Normandy, thanks to the dairy herds brought over with the Vikings and its proximity to Paris markets, boasts several world-famous cheeses. You can buy Camembert, Livarot, Pont-l'Evêque and Neufchâtel at any supermarket, but to purchase the cheese at its best, either go to a local market (the Pays d'Auge is good for artisan varieties) or to a specialist "affineur" (someone who completes the maturing process of the cheese), such as Monsieur Olivier in Dieppe. There are lots of good country markets in Normandy, Saturdays in Dieppe and Sundays in Trouville being among the best. But the most splendid and picturesque is every Monday at the medieval "Halles" of Dives-sur-Mer. Markets are also a good source for Calvados and cider, the other two great specialities of the region. Calvados du Pays d'Auge is the aristocrat of these apple brandies. At the other end of the scale, travelling pot stills turn villagers' cider into throat-ripping apple spirit. The EEC is trying to outlaw them.

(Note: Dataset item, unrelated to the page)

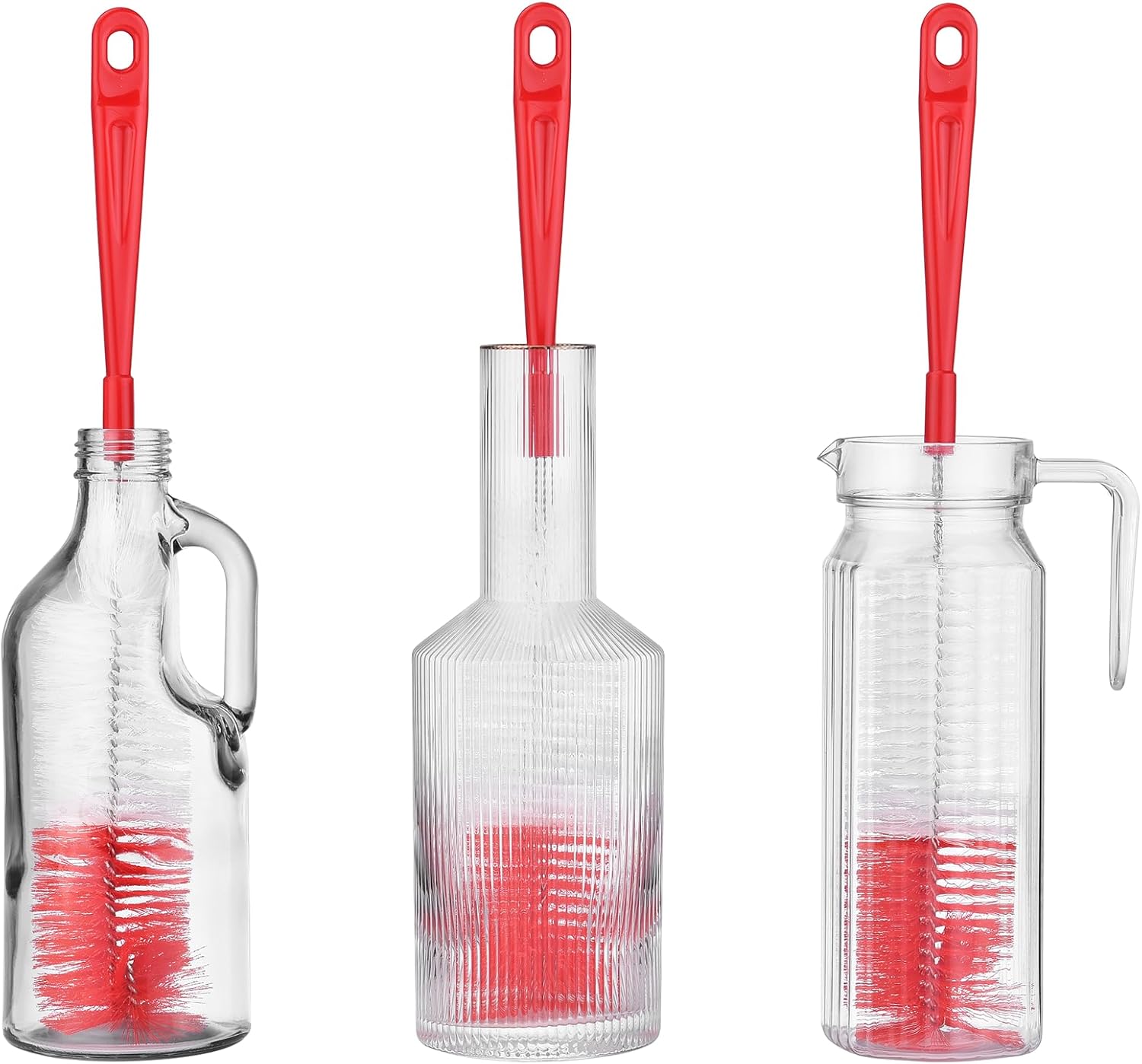 ALINK 3-Pack Long Red Bottle Cleaning Brush for Narrow Neck Beer, Wine, Kombucha, Hydroflask, Thermos, Sport Well, Carafe, Brewing Bottle Cleaner, 16 Inches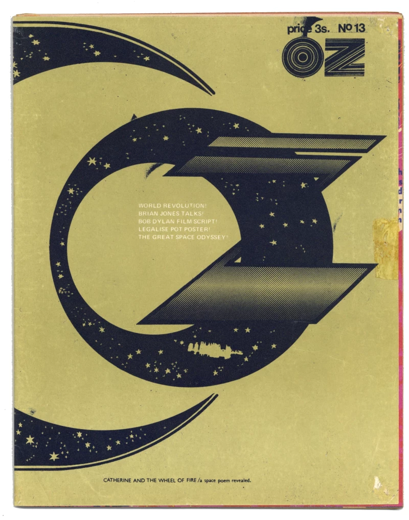 Contents includeQuadruple ‘Catherine and the Wheel of Fire’ poster Nigel Weymouth and Micheal English with Big O Posters advert on reverse.Martin Sharp Legalise Pot Rally graphic.‘We Need you Cohn-Bendit’ letter.Eva.The Fugs.Jean-Jacques Lebel.John Wilcock’s Other Scenes.IT/International Times subscription form.‘When Harrods is Looted’ by David Widgery.‘Agit Oz’ - revolutionary quotes, chart + graphics.‘Hubert Sanguine’ graphic by Andrew Fisher & David Spode.‘The May Revolution’ and ‘Philistine’s Tears – Nectar of the Gods’ by Angelo Quattrocchi.Oz Night – the Nice advert. OZ subscription/back issue page.Graffiti 1968.Transcriptions from Dylan’s Don’t Look Back.Incredible String Band ad.‘Smokeless Interzone’ by Michael Horovitz.‘The Alf-Back’ - the Queen in Australia.Ozmosis – ‘We clothe every child in napalm’ by Paul Lawson.‘Kubrick’s 2001 A Space Odyssey - The Worst Trip Ever’ by Tom Nairn.

With so much cream and seafood, it was inevitable that the two were going to meet, which they do most toothsomely in a "marmite Dieppoise", a sort of creamy, Norman bouillabaisse. Spiritual home to this dish is The Marmite Dieppois in Dieppe, 8 rue St Jean (0033 2 35 84 24 26), although be warned, service can be head-bangingly slow. Another Normandy speciality is tripe, especially in the surprisingly subtle Tripes a la Mode de Caen. Rouen is more famous for its duck, and any of the fine restaurants that border the Place du Vieux Marché will give it pride of place on their menus. For the chic Parisian brasserie experience, Les Vapeurs in Trouville (160 quai Fernand Moureaux; 00 33 2 31 88 15 24) will let you pretend you're a holidaying film star as you slurp your steamed mussels, while that other Norman staple – the apple – appears together with pork and (inevitably) cream. Head for the Vallée d'Auge again. The speciality of the house at L'Auberge des Deux Tonneaux in the Calvados village of Pierrefitte-en-Auge (00 33 2 31640931) is rabbit stewed in a pint of cider and a glass of Pommeau – a sort of apple liqueur.